──────── Entries supplied ────────

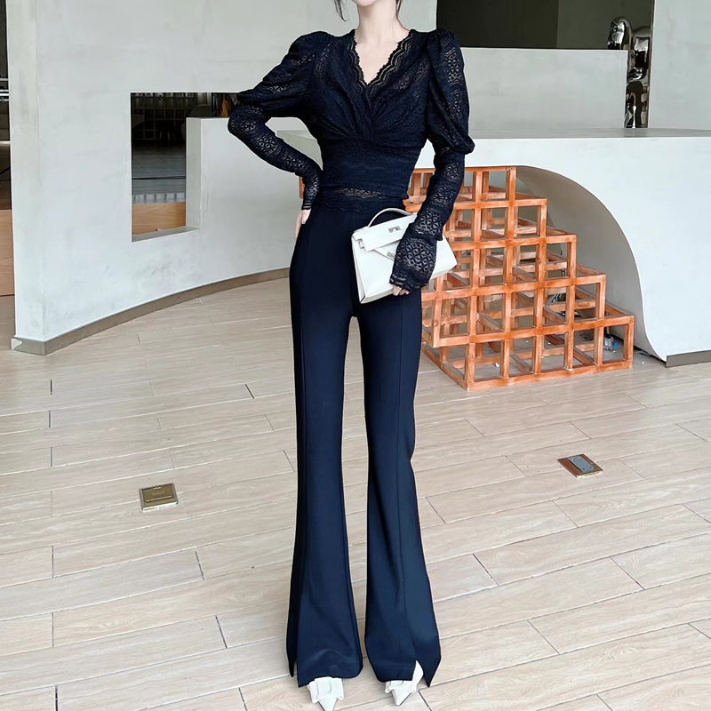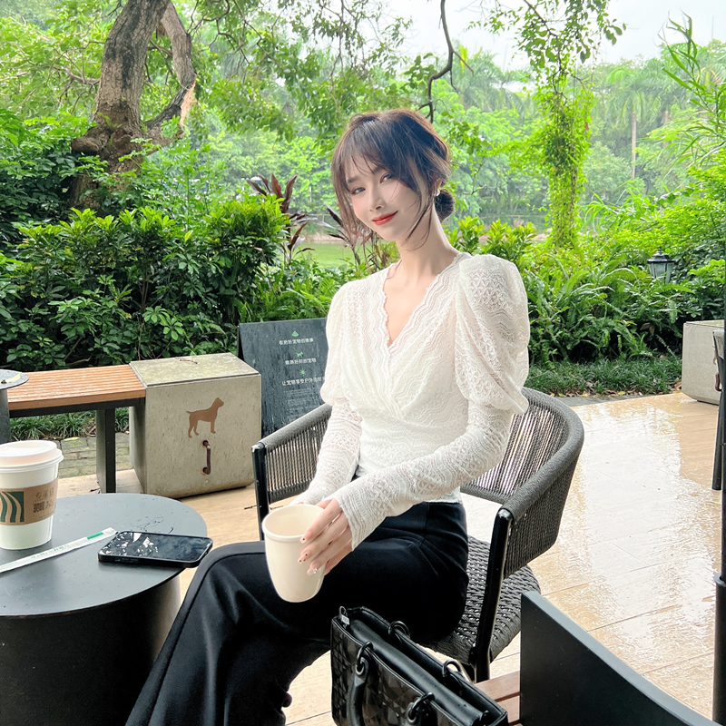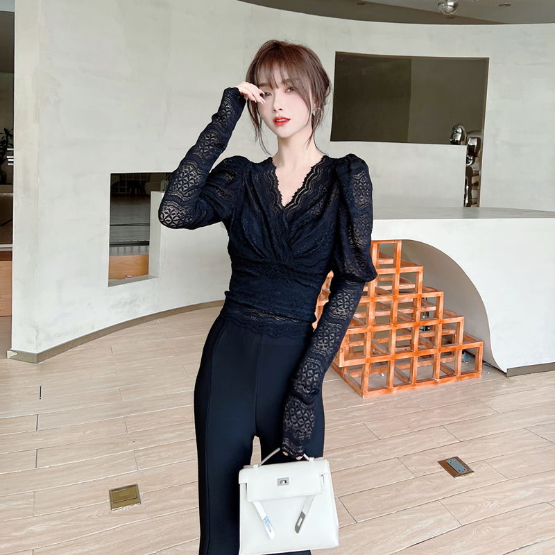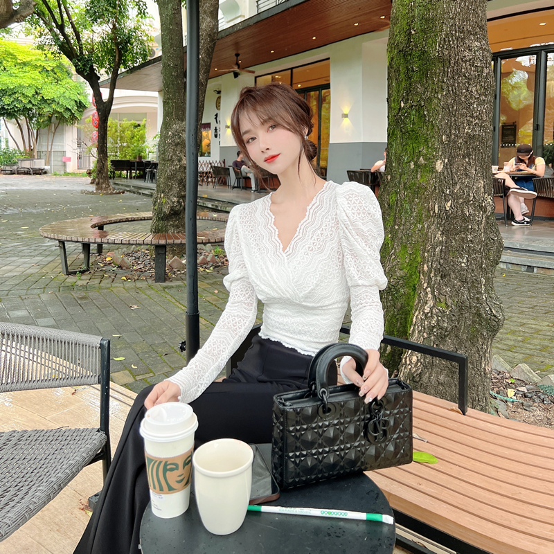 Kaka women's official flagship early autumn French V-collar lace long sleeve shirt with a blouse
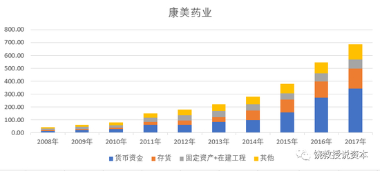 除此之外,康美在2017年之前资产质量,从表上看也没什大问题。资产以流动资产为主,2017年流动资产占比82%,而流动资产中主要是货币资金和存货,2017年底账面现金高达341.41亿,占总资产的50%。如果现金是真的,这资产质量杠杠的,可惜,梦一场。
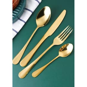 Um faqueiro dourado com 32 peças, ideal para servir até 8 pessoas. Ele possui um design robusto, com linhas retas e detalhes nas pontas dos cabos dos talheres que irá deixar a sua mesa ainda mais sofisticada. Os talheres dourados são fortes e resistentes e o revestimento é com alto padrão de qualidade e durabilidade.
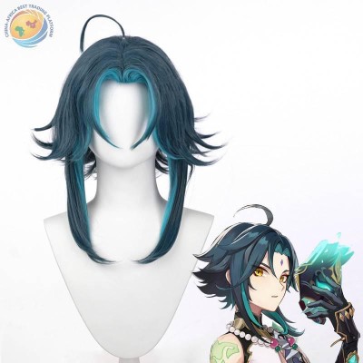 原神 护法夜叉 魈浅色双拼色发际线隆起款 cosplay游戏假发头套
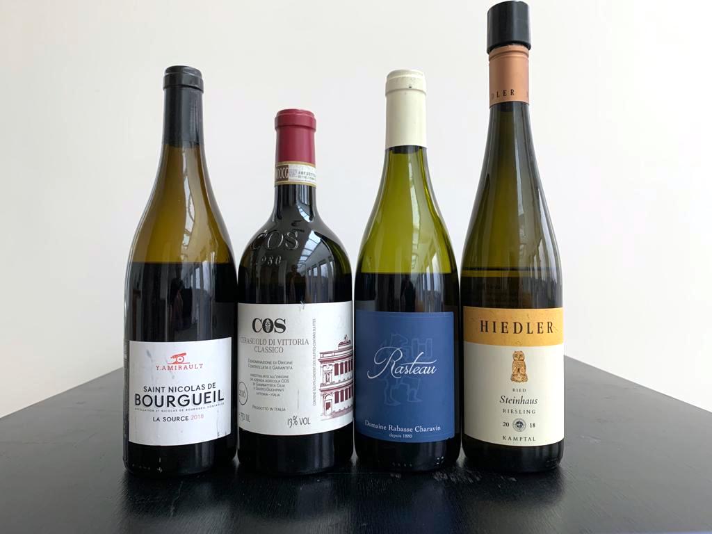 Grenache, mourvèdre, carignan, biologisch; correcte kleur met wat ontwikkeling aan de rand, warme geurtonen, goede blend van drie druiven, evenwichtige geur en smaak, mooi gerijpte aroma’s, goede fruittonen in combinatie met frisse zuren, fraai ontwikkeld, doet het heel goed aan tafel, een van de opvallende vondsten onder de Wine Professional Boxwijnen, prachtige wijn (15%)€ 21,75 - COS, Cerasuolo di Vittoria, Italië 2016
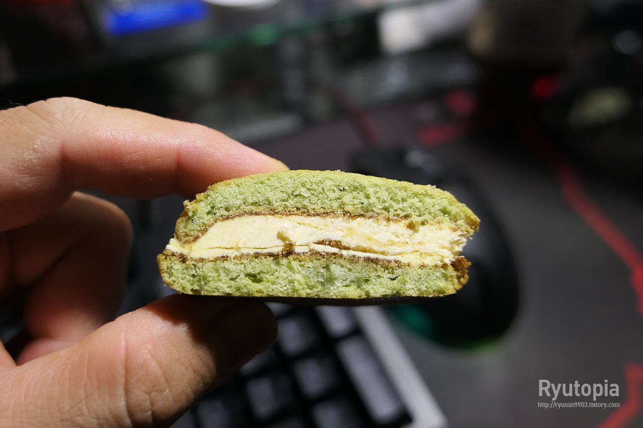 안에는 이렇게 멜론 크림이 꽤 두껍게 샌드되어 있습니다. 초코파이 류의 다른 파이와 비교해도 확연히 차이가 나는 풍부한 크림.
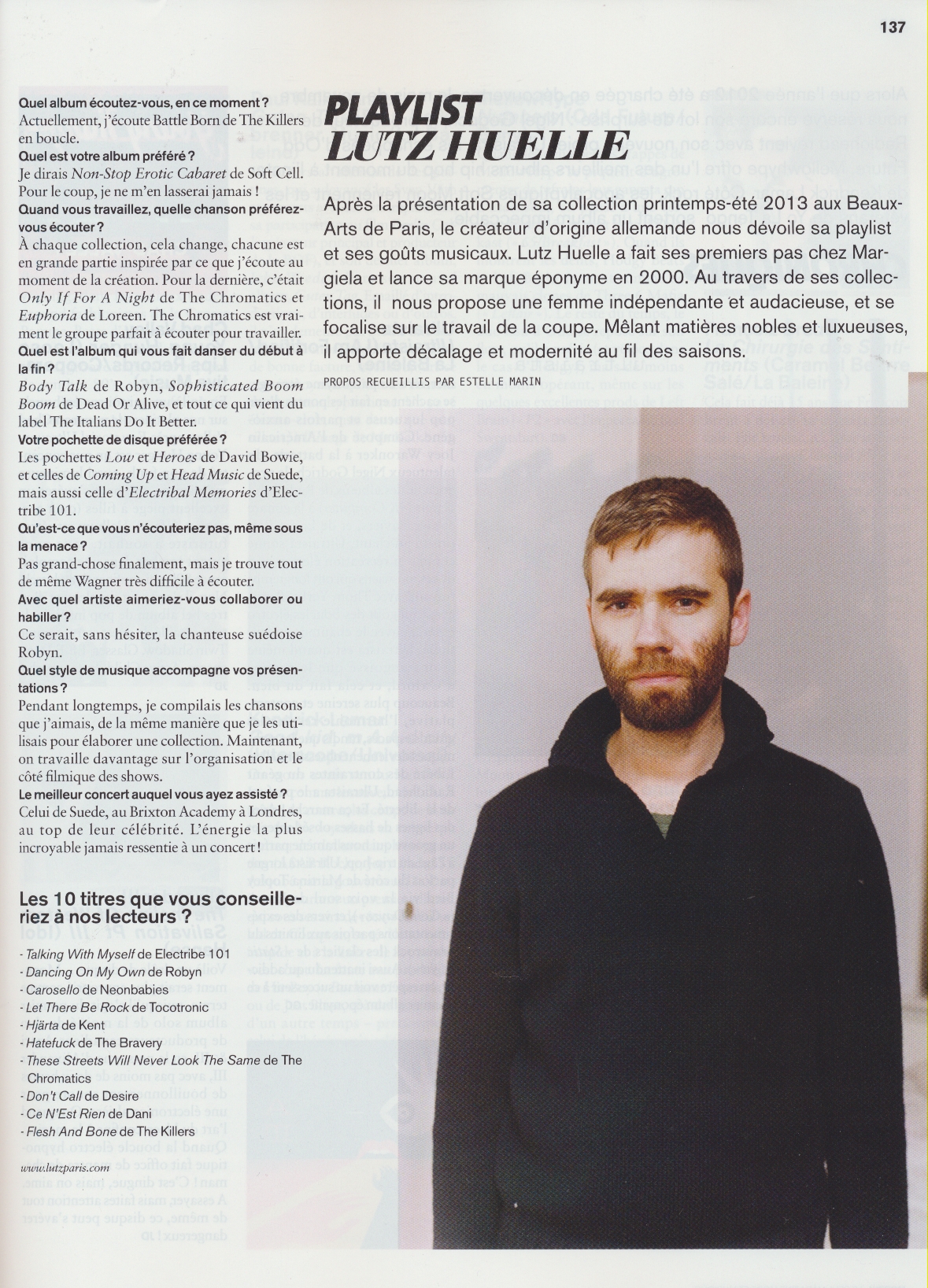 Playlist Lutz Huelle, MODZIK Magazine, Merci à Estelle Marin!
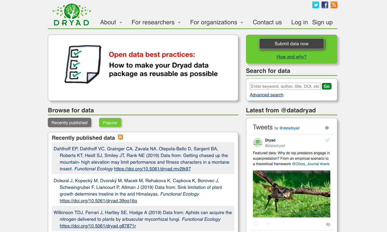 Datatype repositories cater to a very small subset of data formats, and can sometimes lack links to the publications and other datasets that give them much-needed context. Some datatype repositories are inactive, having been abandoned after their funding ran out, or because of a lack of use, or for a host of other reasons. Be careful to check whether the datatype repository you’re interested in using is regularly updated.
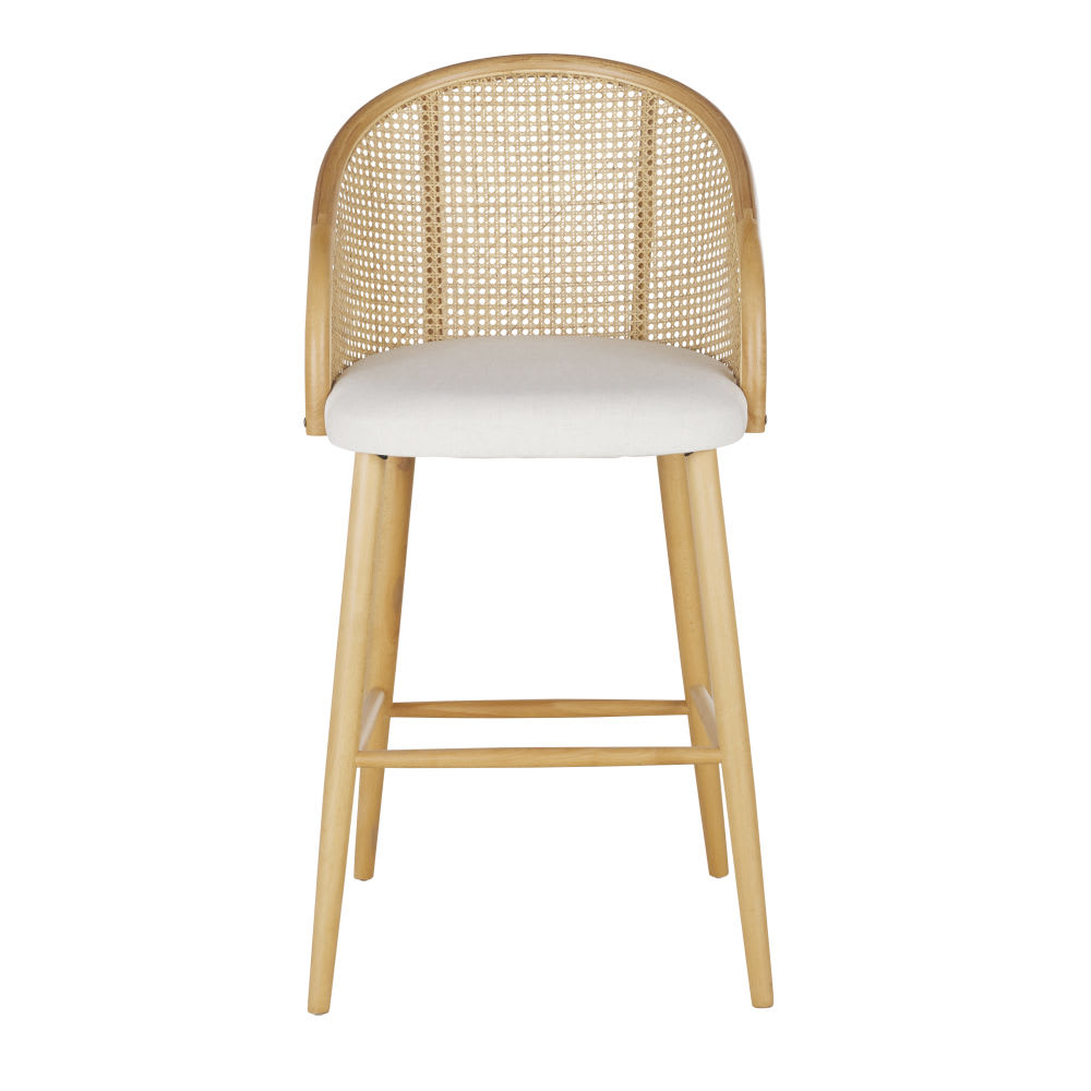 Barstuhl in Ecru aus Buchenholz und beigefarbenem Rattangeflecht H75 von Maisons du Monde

────────

Brief:
The required output is an exact copy of the lines from the start of the material above through the line containing "Datatype repositories cater", inclusive, with no pictures in it.

Answer section:
 Kaka women's official flagship early autumn French V-collar lace long sleeve shirt with a blouse
 除此之外,康美在2017年之前资产质量,从表上看也没什大问题。资产以流动资产为主,2017年流动资产占比82%,而流动资产中主要是货币资金和存货,2017年底账面现金高达341.41亿,占总资产的50%。如果现金是真的,这资产质量杠杠的,可惜,梦一场。
 Um faqueiro dourado com 32 peças, ideal para servir até 8 pessoas. Ele possui um design robusto, com linhas retas e detalhes nas pontas dos cabos dos talheres que irá deixar a sua mesa ainda mais sofisticada. Os talheres dourados são fortes e resistentes e o revestimento é com alto padrão de qualidade e durabilidade.
 原神 护法夜叉 魈浅色双拼色发际线隆起款 cosplay游戏假发头套
 Grenache, mourvèdre, carignan, biologisch; correcte kleur met wat ontwikkeling aan de rand, warme geurtonen, goede blend van drie druiven, evenwichtige geur en smaak, mooi gerijpte aroma’s, goede fruittonen in combinatie met frisse zuren, fraai ontwikkeld, doet het heel goed aan tafel, een van de opvallende vondsten onder de Wine Professional Boxwijnen, prachtige wijn (15%)€ 21,75 - COS, Cerasuolo di Vittoria, Italië 2016
 안에는 이렇게 멜론 크림이 꽤 두껍게 샌드되어 있습니다. 초코파이 류의 다른 파이와 비교해도 확연히 차이가 나는 풍부한 크림.
 Playlist Lutz Huelle, MODZIK Magazine, Merci à Estelle Marin!
 Datatype repositories cater to a very small subset of data formats, and can sometimes lack links to the publications and other datasets that give them much-needed context. Some datatype repositories are inactive, having been abandoned after their funding ran out, or because of a lack of use, or for a host of other reasons. Be careful to check whether the datatype repository you’re interested in using is regularly updated.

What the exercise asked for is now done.